Dwayne Boyers (Lead / Corresponding author), Alison Avenell, Fiona Stewart, Clare Robertson, Daryll Archibald, Flora Douglas, Pat Hoddinott, Edwin van Teijlingen

    Research output: Contribution to journalReview articlepeer-review

    8 Citations (Scopus)


    Background Increasing obesity related health conditions have a substantial burden on population health and healthcare spending. Obesity may have a sex-specific impact on disease development, men and women may respond differently to interventions, and there may be sex-specific differences to the cost-effectiveness of interventions to address obesity. There is no clear indication of cost-effective treatments for men. 

    Methods This systematic review summarises the literature reporting the cost-effectiveness of non-surgical weight-management interventions for men. Studies were quality assessed against a checklist for appraising decision modelling studies. 
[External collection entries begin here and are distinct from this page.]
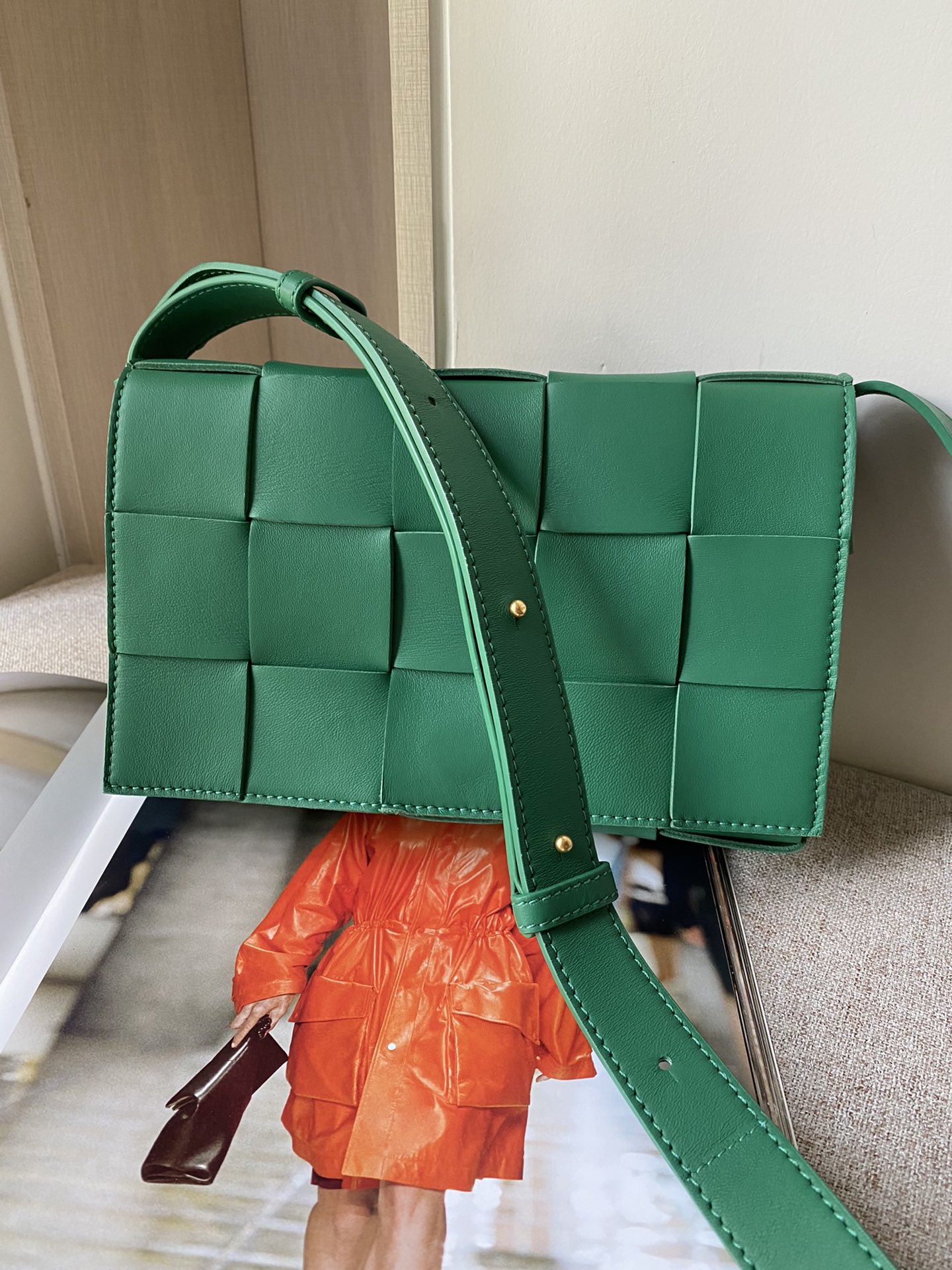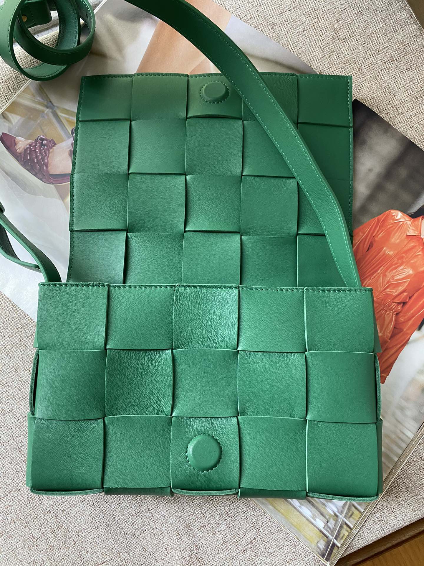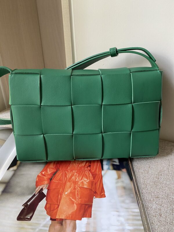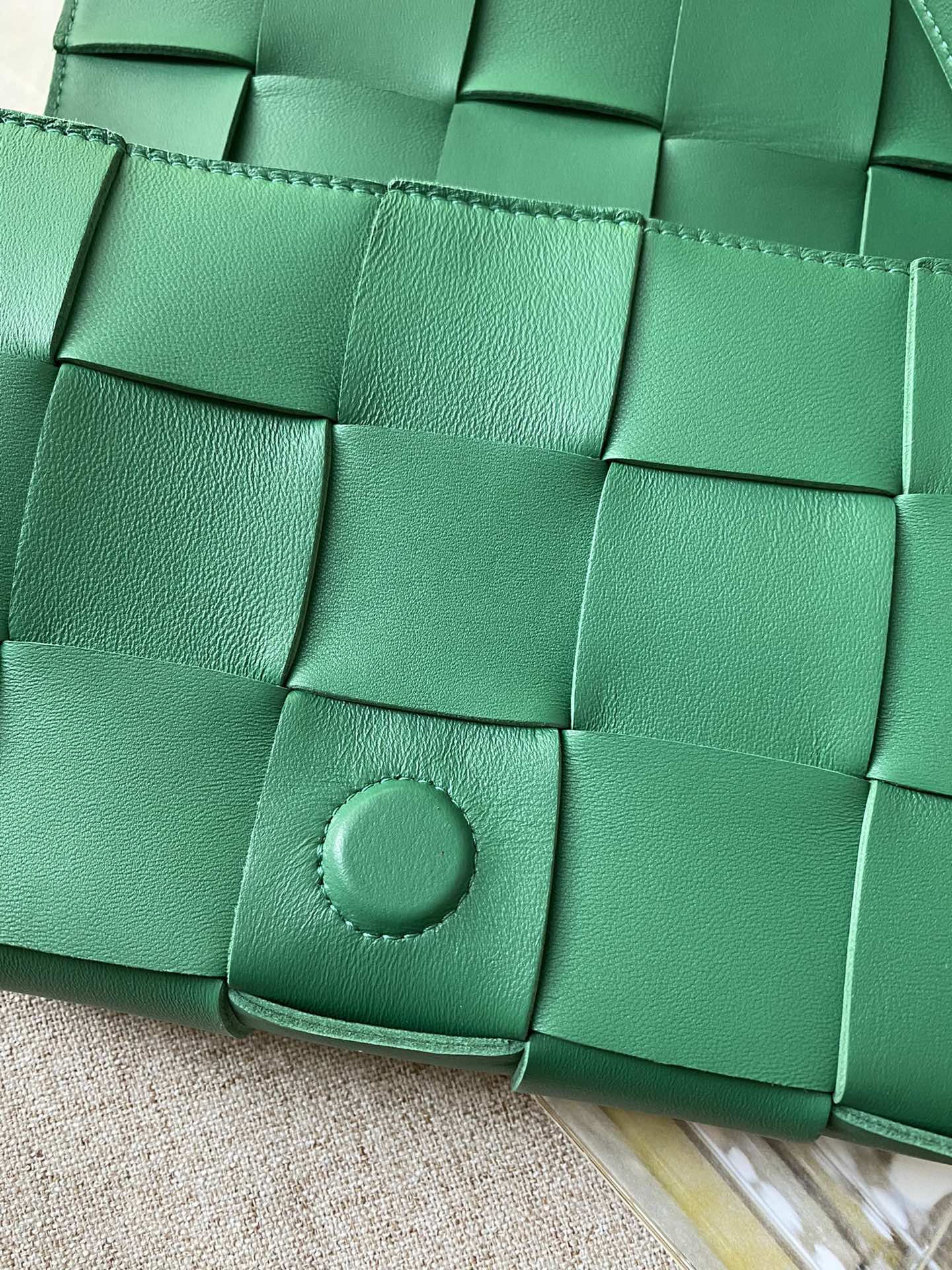 부드러운 양가죽 소재로 제작된 카세트 위빙 파우치는 고급스러운 느낌을 줍니다.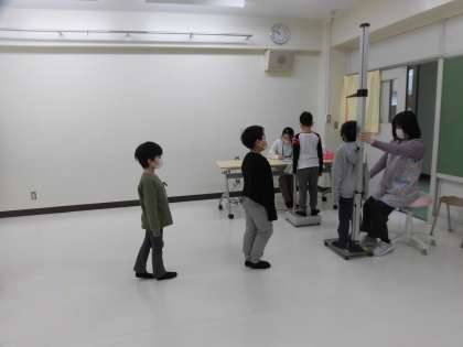 今日は、1年生と2年生の計測を多目的室で、1時間目から4時間目までの時間を使って行っています。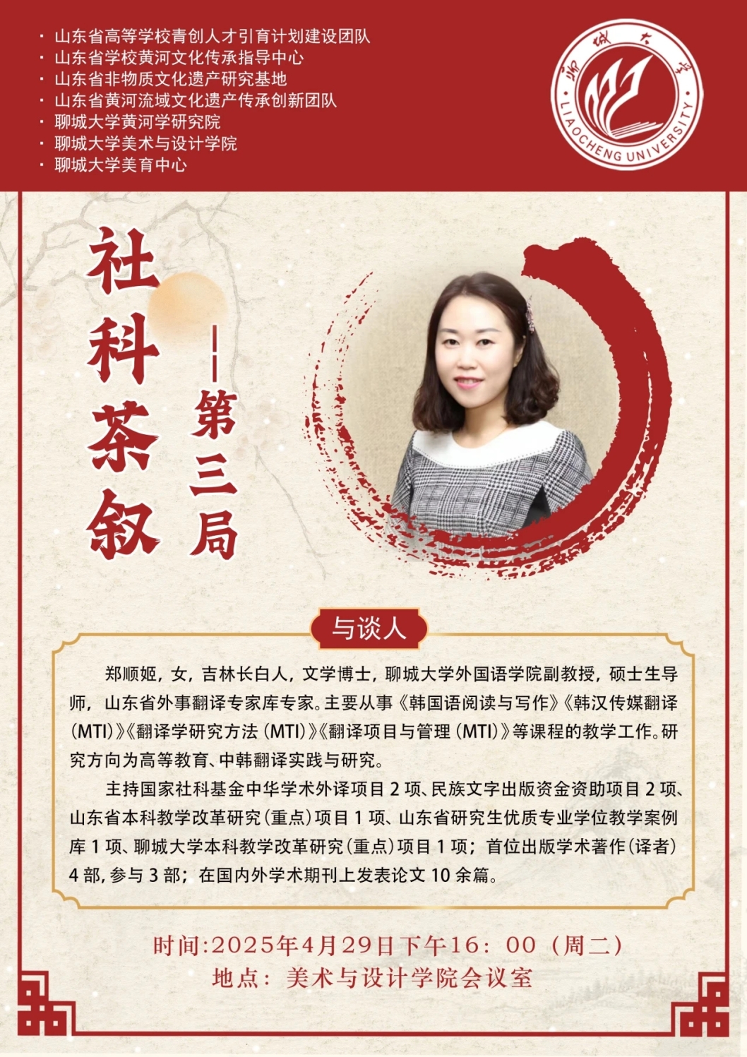 郑顺姬副教授来情色小说 “社科茶叙” 作者: 发布时间:2025-05-06 郑顺姬副教授来情色小说 “社科茶叙” 宣传部 情色小说-最受欢迎的激情文学 2025年4月30日4月29日下午,“社科茶叙——第三局”于情色小说 一楼多功能厅举行。此次活动特邀外国语学院郑顺姬副教授担任主讲嘉宾,围绕“中华学术外译项目概述及申报”,带来精彩学术分享,情色小说 部分教师参与此次活动。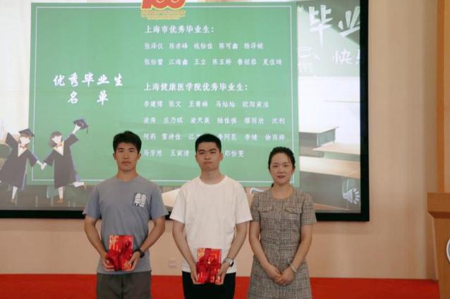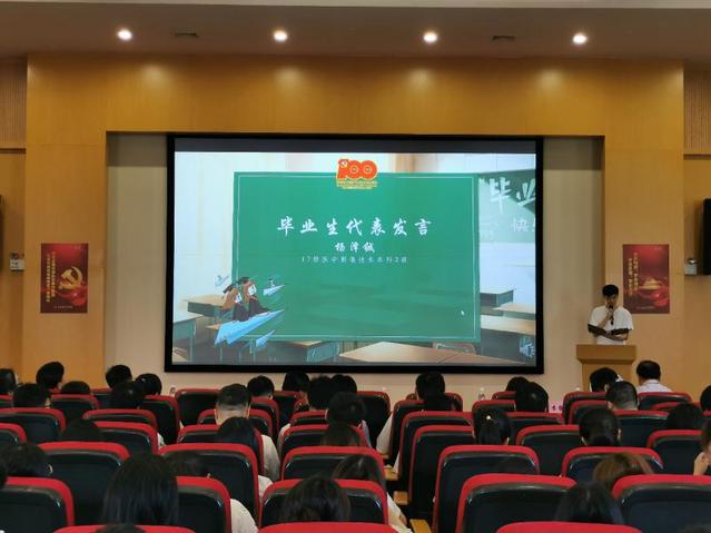教师代表周进祝教授回忆了与同学们相处的点滴,回忆了21届毕业生取得的优异成绩,并且分享了自己一生立志教育事业、感恩国家培养、回报公司信任的奋斗历程,叮嘱同学们要:牢记习近平总书记“爱国、励志、求真、力行”的教导;学会感恩、超越感恩,做一个高尚的人;学会学习,提升技能技术,担负起生命和健康的责任;懂得包容,认认真真做事、坦坦荡荡做人;立志求恒,脚踏实地、志存高远、追求梦想、永不懈怠。上海市第一人民医院放疗科技师、2019届员工杨帅,回顾自己从校园到工作岗位的经历,分享了三点体会与学弟学妹共勉:不忘学医初心、坚持医学梦想;坚持继续教育、不忘终身学习;坚持脚踏实地、做人要实、谋事要实。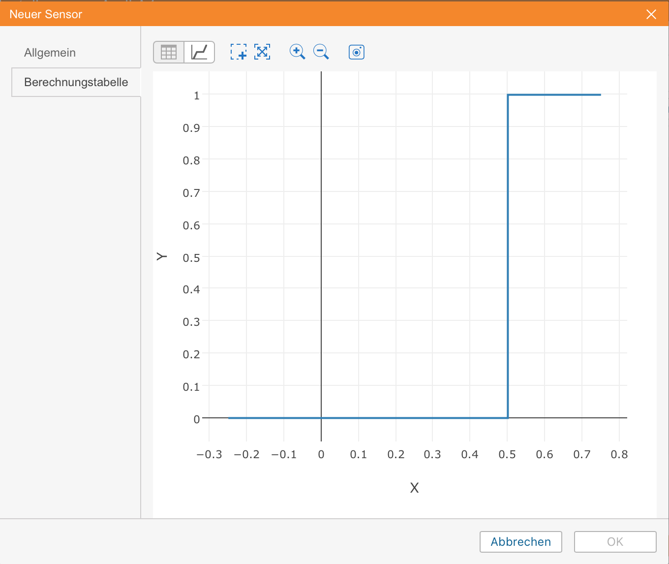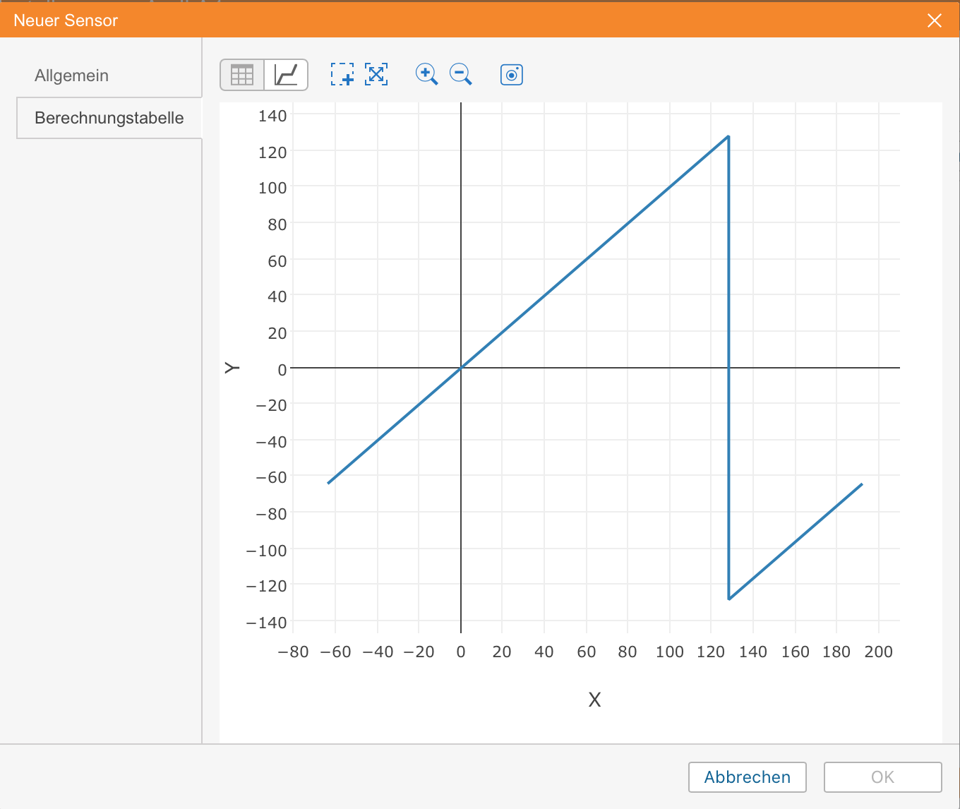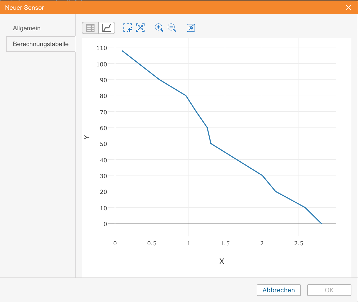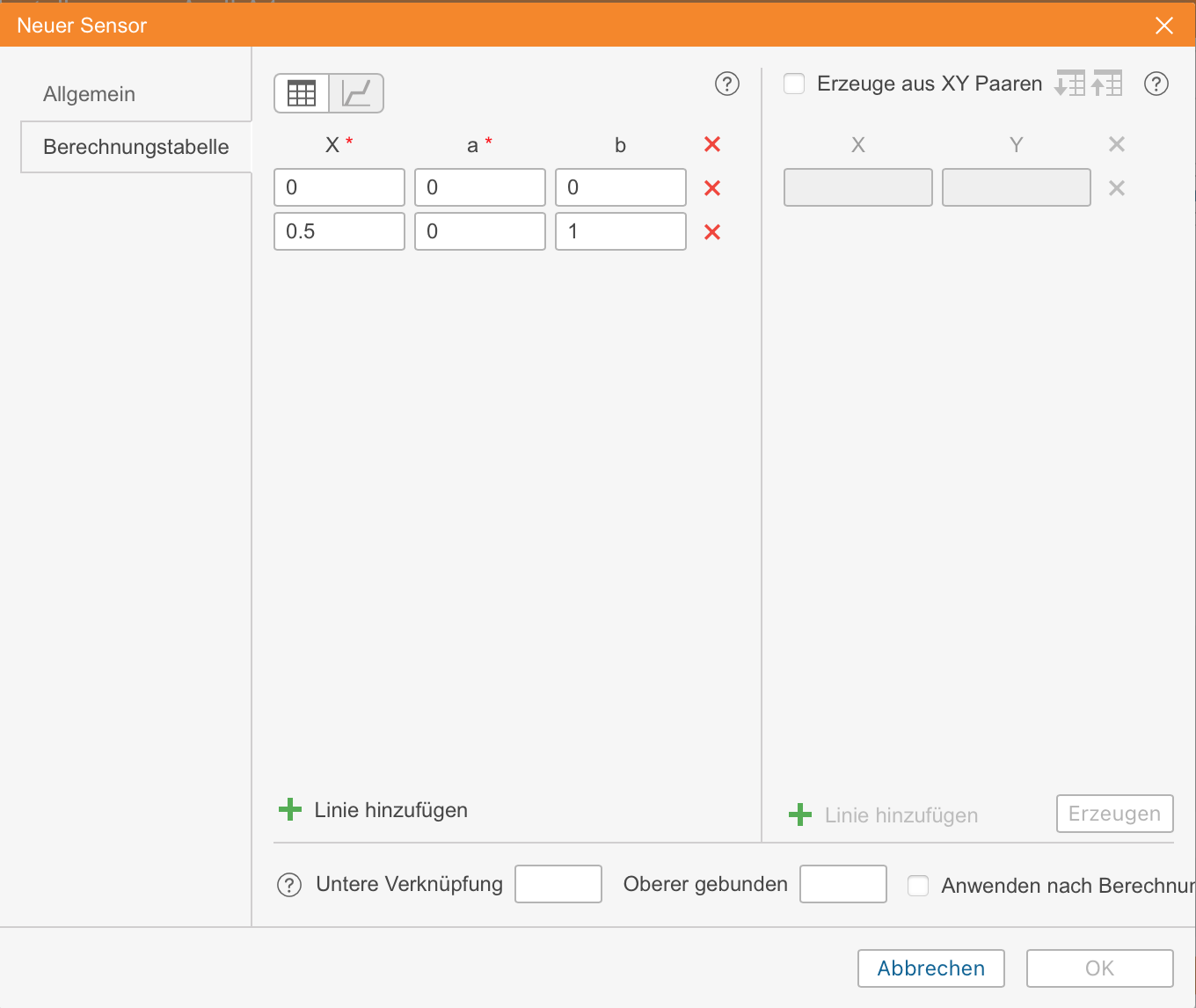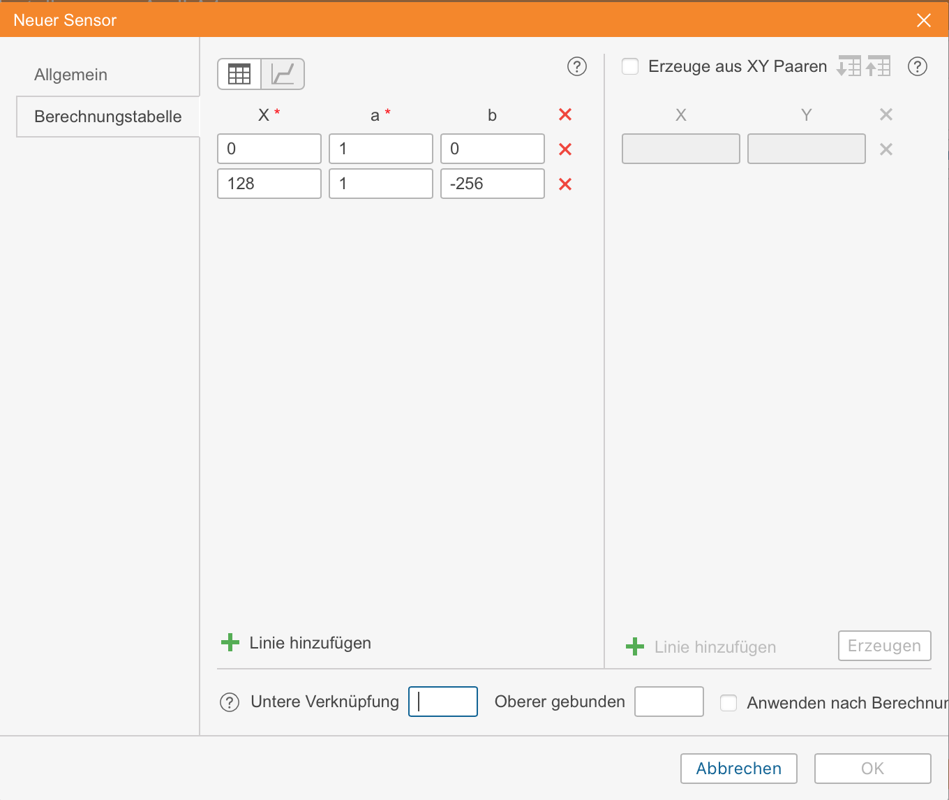 Die Berechnungstabelle ist nicht immer notwendig. Wenn der Sensor beispielsweise digital ist und nur 1 oder 0 sendet, die den Ein/Aus-Zuständen entsprechen, ist eine Berechnungstabelle nicht notwendig.

    Results Although none of the included studies explicitly set out to determine the cost-effectiveness of treatment for men, seven studies reported results for subgroups of men. Interventions were grouped into lifestyle interventions (five studies) and Orlistat (two studies). The retrieved studies showed promising evidence of cost-effectiveness, especially when interventions were targeted at high-risk groups, such as those with impaired glucose tolerance. There appears to be some sex-specific elements to cost-effectiveness, however, there were no clear trends or indications of what may be contributing to this. 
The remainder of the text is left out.